Gun connects gang killings

| 02/04/2014

(CNS): A list of admitted evidence presented to the court in the trial of Raziel Jeffers has revealed that the gun used to kill Damion Ming in West Bay in March 2010 had previously been used to kill 24-year-old Fabian Reid in Newlands in October 2009. With a considerable number of facts agreed by both the defence and the crown in the murder case, some 40 admissions were made to the jury relating to the case that were not in dispute. The list includes background on Ming, his criminal record and his gang associations. The court heard that Reid, whose killers have never been apprehended, was associated with the Birch Tree Hill gang.

Reid,whose murder is still unsolved, was gunned down by as many as three armed men in a killing in which police believe several weapons were fired. One of those guns was the same weapon used to kill Ming, as seven of the shell casings found at that murder scene match the eight casings found at the scene where Ming was killed some five months later.

Reid was a victim of the gang related killings just one month after Carlos Webster, a member of the opposing West Bay gang, the Logwoods, was shot and killed in the Next Level nightclub on West Bay Road. Devon Anglin, who is also associated with the Birch Tree Hill gang, was later convicted of that killing.

The admissions also note further gang related killings and connections surrounding the Ming case. The day before Ming was gunned down as he worked on a boat in a yard in Birch Tree Hill, Alrick Peddie (a.k.a. "Bling") was shot dead at a yard in Willie Farrington Drive in West Bay. Peddie, who worked as a security guard at Next Level, was found to have let Anglin into the club with a firearm on the night Webster was killed inside the club. Aaron Crawford, Roger Bush and Jose Sanchez, all associated with the Logwoods gang, and Ming, were tried and acquitted of his murder.

Just days before Peddie was killed, according to evidence from the crown’s key witness, which she gave to the police, Ming had sent a text to Peddie stating that there was “only room for one Bling in Cayman”.

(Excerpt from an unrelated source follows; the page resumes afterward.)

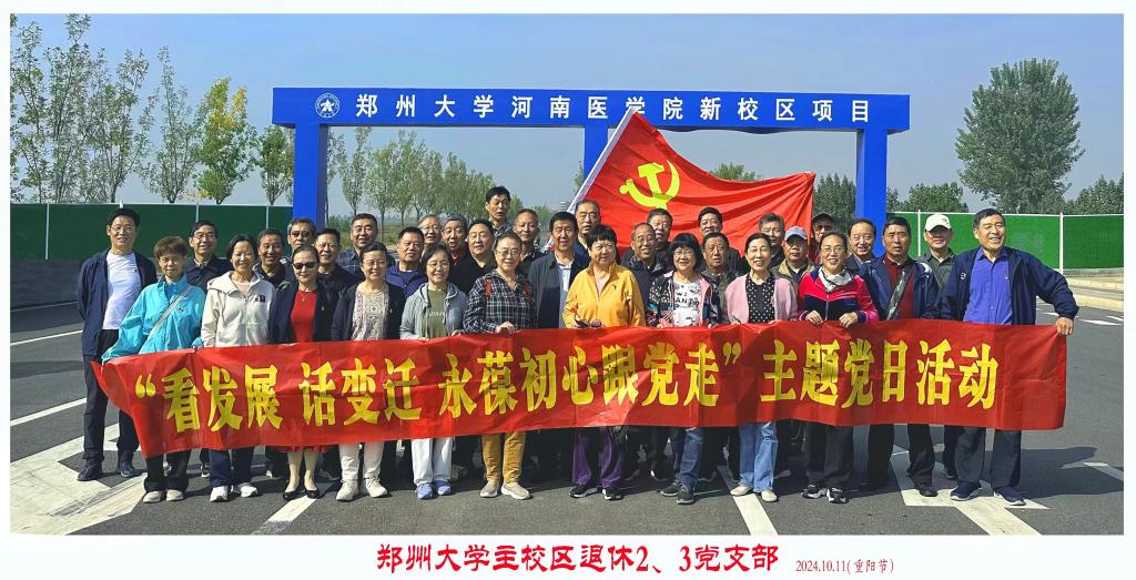 为庆祝新中国成立75周年和弘扬中华民族尊老敬老爱老助老传统美德,在10月11日重阳佳节当天,郑州大学离退休职工工作处主校区第二、三党支部组织党员开展“看发展、话变迁,永葆初心跟党走”主题党日活动。第二支部书记孙志礼、第三支部书记刘孝广带领近40名党员开展主题党日活动,我校原党委副书记李兴成同志以第二支部普通党员的身份参加活动。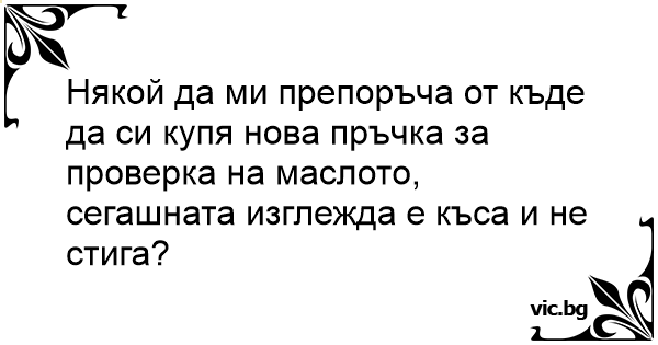 Някой да ми препоръча от къде да си купя нова пръчка за проверка на маслото, сегашната изглежда е къса и не стига?

The court heard that Ming was also a known associate of Sheldon Brown, a man currently serving 22 years for the attempted murder of Fernando Martin in 2003 – a man who was at the time a witness in another murder case relating to the death of Joe Williams in West Bay that same year. Martin was shot multiple times while supposedly under witness protection but having survived the shooting he gave evidence against Brown.

Although Brown has since turned to writing thrillers and has denounced his previous gang associations, he was associated with the gang violence and a friend of Ming’s. However, according to the admissions, police received information regarding threats by Sheldon Brown to the safety of Damion Ming and his family while he was in prison in 2007.

At the time of his death Damion Ming had several convictions, including importation and possession of cocaine and accessory and conspiracy to commit robbery regarding two armed heists in West Bay at Fosters and Cayman National Bank (CNB). Ming had provided information to the police against his co-defendants, Bjorn Ebanks, Royce Cornwall and Damian Seymour in respect of armed robberies of CNB and Fosters in West Bay in 2006.

The defence seized on Ming’s gang associations, his connections to the Peddie murder and the fact that he had given information to the police about his criminal friends that he was a marked man. During his closing speech to the jury, Malcolm Wolkind, QC, on behalf of Jeffers, pointed out that many people in the Cayman Islands may have had reason to want Ming dead but his client was not one of them.

The final irony for Ming was that he was gunned down on the eve of his return to prison. At the time he was shot and killed he had been on bail in connection with a drugs charge which had gone to the Privy Council. However, that appeal was denied and Ming had learned that fact the day he was shot, and he would have been required to answer his bail the following day and return to Northward to continue serving his sentence.

As a result of his imminent incarceration, one of the crown’s witnesses who gave evidence early in the case had revealed that he was working with Ming on the boat when he was shot. Earl Ebanks had admitted that Ming was paying him with cocaine to help repair the boat and they were working at night as Ming was planning to use it to make his escape from Cayman and avoid not only a return to jail but those who may have wished him ill.